In SOS Media, students will work with faculty to design collaborative or individual projects by researching and writing treatments, abstracts, and/or other supplementary documents. 

In addition to this student-centered curriculum, we will investigate how to build media communities and what forms they might take.  The obvious place to start is with the SOS group itself and to approach it as a community. Students and faculty will collaborate to develop activities that will support pre-production and production work.  These may include readings, screenings, discussions, presentations and workshops to strengthen conceptual and production skills.  But we will also consider other formations of community such as the ephemeral ones created during screenings, ones arising from the connections people make with each other as they pursue their interests in a particular subject or approach to media, or the community formed as people work together on a production.  We will explore interactive uses of media technology to develop sound and image alternatives to single channel presentations, as a potential way to further develop the idea of audience as a community.

Participants in the SOS Media community will be asked to follow these guidelines:

  • Attend all meetings on time and prepared to participate. Notify faculty in advance if you cannot come to class.
  • Attend individual conferences as required or needed.
  • camcorder
  • Develop research and production plans as required.
  • Complete the goals outlined in your plans with integrity and to your satisfaction.
  • Collaborate on planning activities that support and help build the SOS Media community.
  • Present work-in-progress at least twice during the quarter.
  • Participate productively in critiques.
  • Serve on at least one production crew other than your own.

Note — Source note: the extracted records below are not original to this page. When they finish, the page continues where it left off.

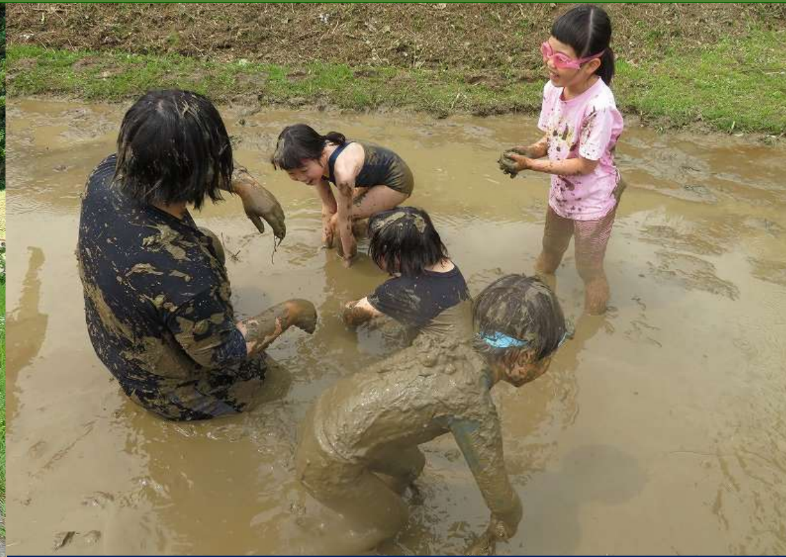
先生も全力でどろんこになります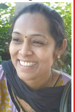
જ્યોતિકાબેન મીનેશભાઈ સોની આર્ટ્સ ટા. ધનસુરા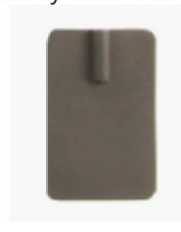
10083 Electrode sil/carbon 4x6 cm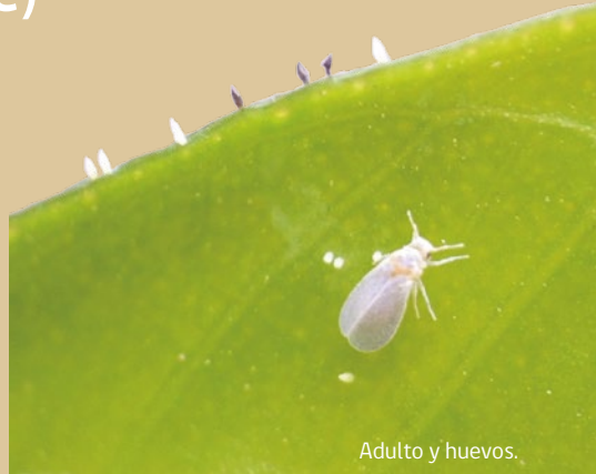
Adulto y huevos.

Las ninfas de forma oval con los ojos de color rojo, pasan de ser casi transparente (lo que dificulta su detección) a amarillo a medida que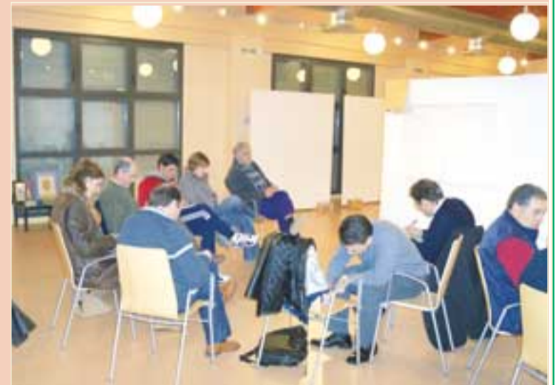
pie de foto

nos de ese pre-diagnóstico); Plan de Acción hacia la sostenibilidad; Plan de Seguimiento y Declaración Ambiental-Informe Síntesis.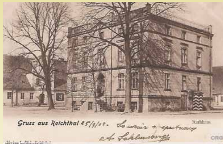
Ratusz w Rychtalu (1902 r.)

Namysłowski sąd wyznaczył rozprawę w tej sprawie na 8 listopada 1882 roku. Dodajmy jednak, że zdaniem „Norddeutsche Allgemeine Zeitung” rozprawa odbyć się miała z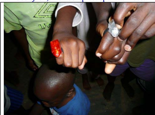
kleine disco lampjes

Tijdens onze laatste avond hebben we op een binnenplaats ‘vingerlichtjes’ (kleine discolampjes) uitgedeeld aan alle kinderen en mammies (zo noemen de kinderen hun Zambiaanse verzorgsters). Iedereen was hierdoor zo verrast, dat er spontaan een vreugdedans uitbrak. Men zong, danste en er werd muziek gemaakt (trommels, tamboerijnen). Een compleet spontaan feest. Het was net Kerstmis in November!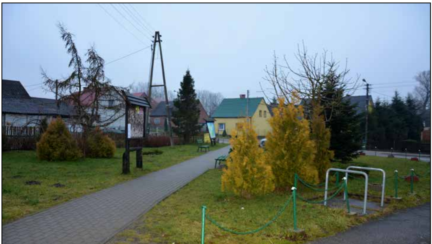
Obecny skwer w pobliżu skrzyżowania ulic Wolności i Kasztanowej w Mierzeszynie. Tu powstanie Pomnik Niepodległości.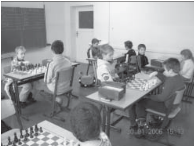
Fünf Paarungen Oettersdorf-Moßbach beim Denksport Schach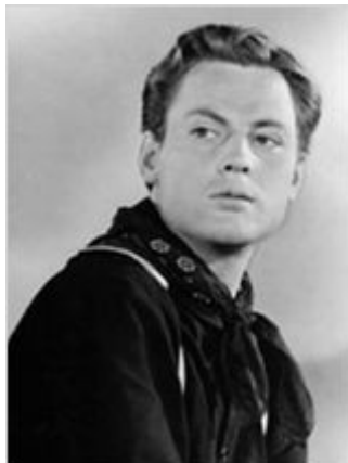
John Agar - 2º Ten. Michael Shannon O'Rourke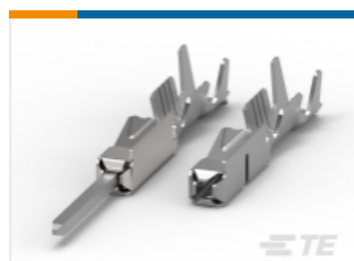
TE 产品编号1241603-1 MQS, 母端和公端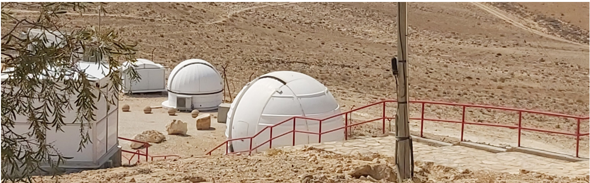
이스라엘 남부 네게브 사막에 위치한 Wise Observatory

Wise Observatory는 텔아비브 대학이 소유하고 운영하는 전문적인 천문연구소입니다. 이 천문대는 텔아비브에서 남쪽으로 약 200km 정도 떨어진 Mitzpe Ramon 마을 근처에 있는 네게브 사막에 자리하고 있습니다. 1m 직경의 Ritchey-Chrétien 망원경 한 대와 자동화된 소형 망원경 여러 대, 지질 및 대기 연구용 장비를 구비하고 있습니다.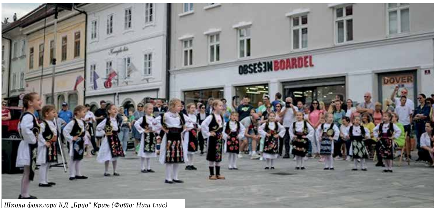
Школа фолклора КД „Брдо” Крањ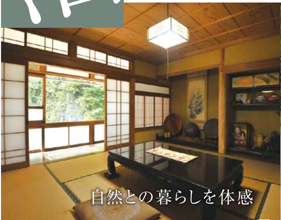
自然との暮らしを体感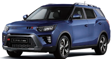
Albastru DANDY (metalizat) (BAS)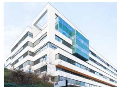
Maria Jacobi Gasse 1, 1030 Vienne - Autriche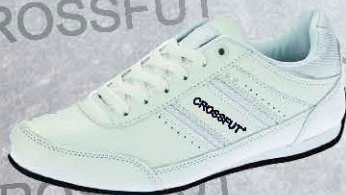
Mod. TN 015 T. 23 - 27.5 Color. Blancos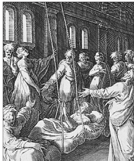
Claes Jansz Visscher Starszy grafik holenderski (1587-1652) „Chrystus uzdrawiający paralytyka”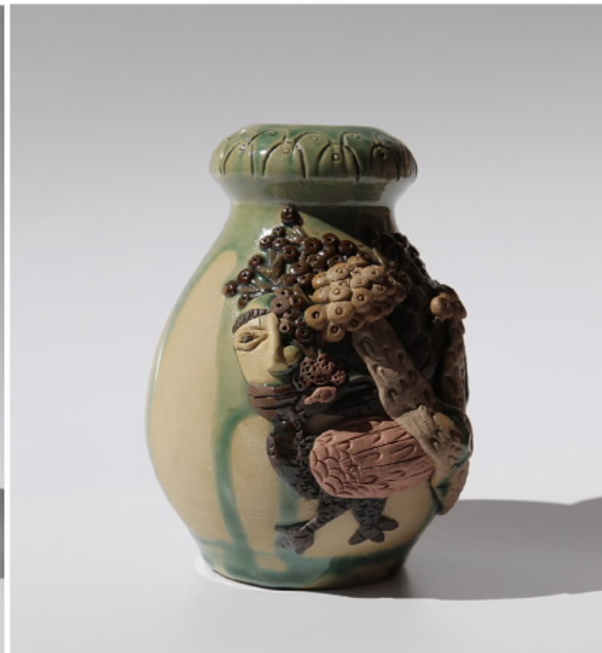
《渔翁的梦》103号 尺寸: 10cm x 3cm x 12cm 作者: 张汉东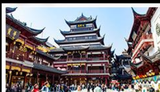
ตลาดร้อยปีเฉิงหวงเมี่ย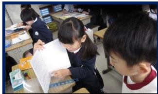
ペアで 千田小学校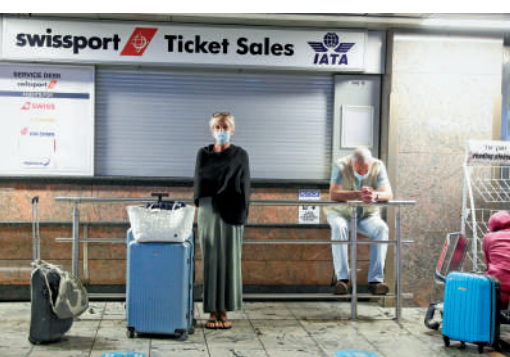
▲乘客11月28日在約翰內斯堡機場候機。

密歇根大學語言學教授、非洲研究中心主任科茲說，上周末間飛歐洲的航班取消後，他只能在酒店通過Zoom給學生上網課。「我很幸運，能夠繼續工作，這對許多人來說是不可能的。」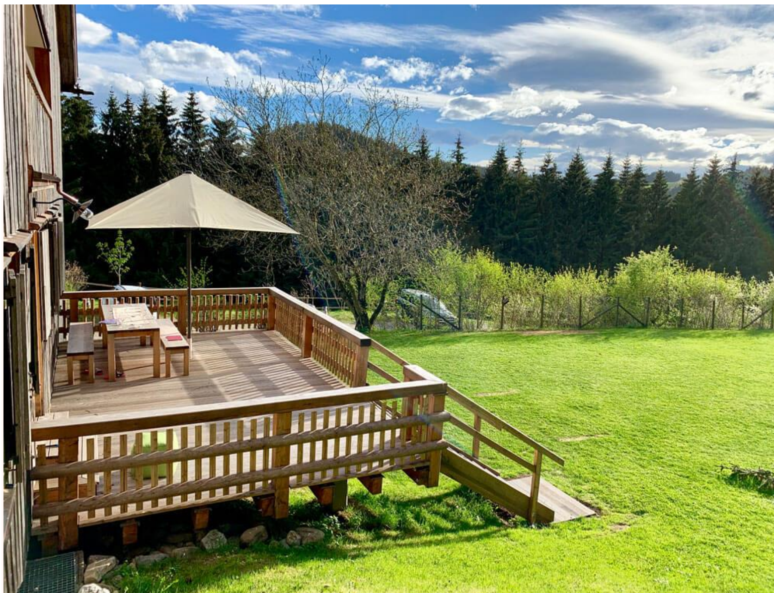
Über die Terrasse geht's in den Garten.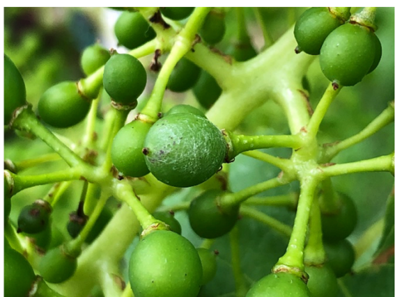
Echter Mehltau auf einer jungen Beere. Befall dieser Art ist nur durch aufmerksame Kontrollen zu finden.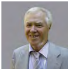
Директор Інституту психології ім. Г.С. Костюка Національної АПН України, доктор психологічних наук, професор Сергій МАКСИМЕНКО

За даними «Центру цифрових технологій майбутнього», 25% дорослих стурбовані тим, що їхні діти проводять в інтернеті забагато часу, 53% вважають кіберзлочинність реальною загрозою, а 63% висловлюють схвильованість через спілкування їхніх дітей у віртуальних співтовариствах, що лякають сучасних батьків так само, як попередні покоління бачили загрозу в негативному впливі «вулиці» на дітей. При цьому 46% користувачів всесвітньої мережі, які належать до молодіжної аудиторії, особисто зустрічалися зі своїми віртуальними знайомими. Для когось інтернет може бути єдиним джерелом спілкування, але слід враховувати те, що віртуальна реальність ніколи не замінить гармонійних взаємин і повноцінного спілкування між людьми.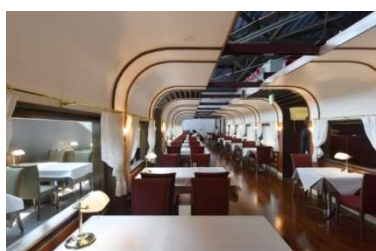
トレインレストラン日本食堂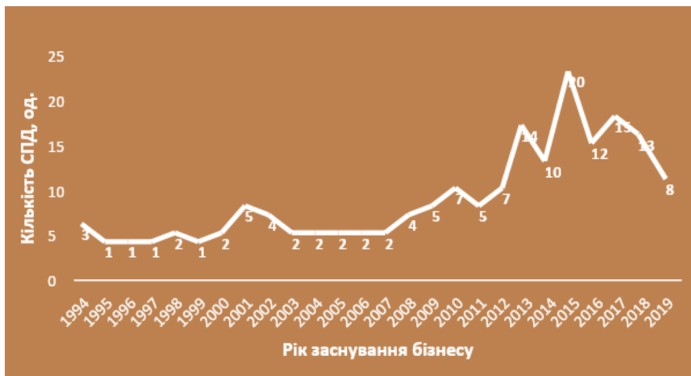
Рис. 3. Розподіл респондентів за віком бізнесу

Загалом свої думки щодо розвитку малого і середнього бізнесу висловили підприємці, що належать до 30-ти розділів КВЕД (див. таблицю).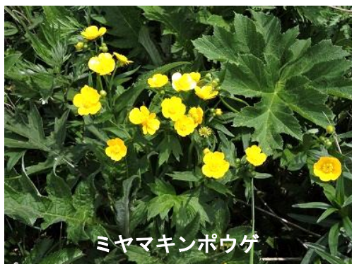
ミヤマキンポウゲ

ミヤマキンポウゲの黄色の花が所々で見られクロユリもちらほら咲いている。なにしろ人がいないのが良い。私一人、ほかに誰も歩いていない。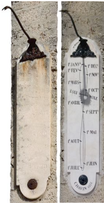
Montferrat : Avant et après restauration

Dans tous les exemples que nous avons trouvés, les méridiennes de Chavin sont réalisées en marbre blanc. Celle de Saint Jean d'Hérans avec sa pierre noire semble unique dans la production de Joseph Chavin.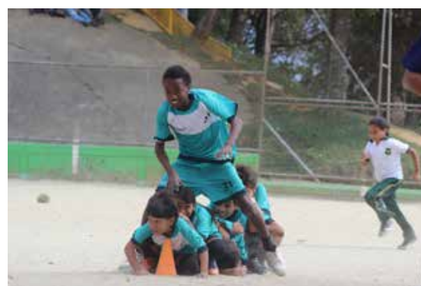
Goles de Paz San Blas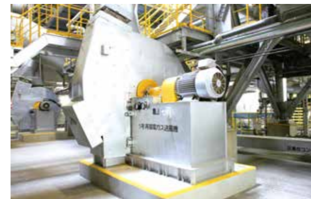
再循環ガス送風機

排ガスに含まれる塩化水素と硫黄酸化物は、湿式洗煙装置内で苛性ソーダと反応させることで取り除きます。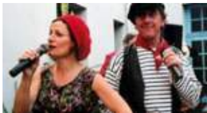
ORCHESTRE MUSETTE : le Groupe Guinguette de l'Accordéon en Chansons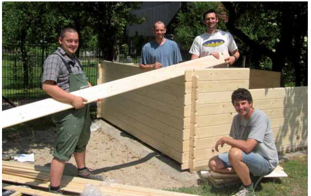
Die fleissigen Papis bauten bei herrlichen Wetter das Gartenhäusl der Kleinen auf...

Nach einem Fackellauf mit dem Entzünden des olympischen Feuers, einer festlichen Eröffnungsrede durch den Elternbeiratsvorsitzen-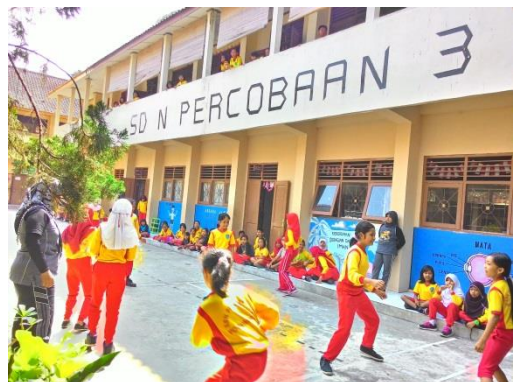
Lomba Peringatan HUT RI ke-70

As media producers, we learn early on that our work cannot live in a vacuum. It grows out of and is dependent on on complex webs of relationships, interactions, collaborations and transactions. To cultivate our own media communities, each of us needs to define what it means to us, what our own media communities look like, who we are connected to, and how our work both reflects and is reflected by those communities. To facilitate this work, we've created a Drupal site for SOS Media participants in hopes that this virtual community will serve as a resource and record of the growth of our own community and our thinking about what media communities can be. Students enrolled in SOS Media may log in to this site to upload work, write statements and responses. Visitors are welcome to view and respond to our work as well.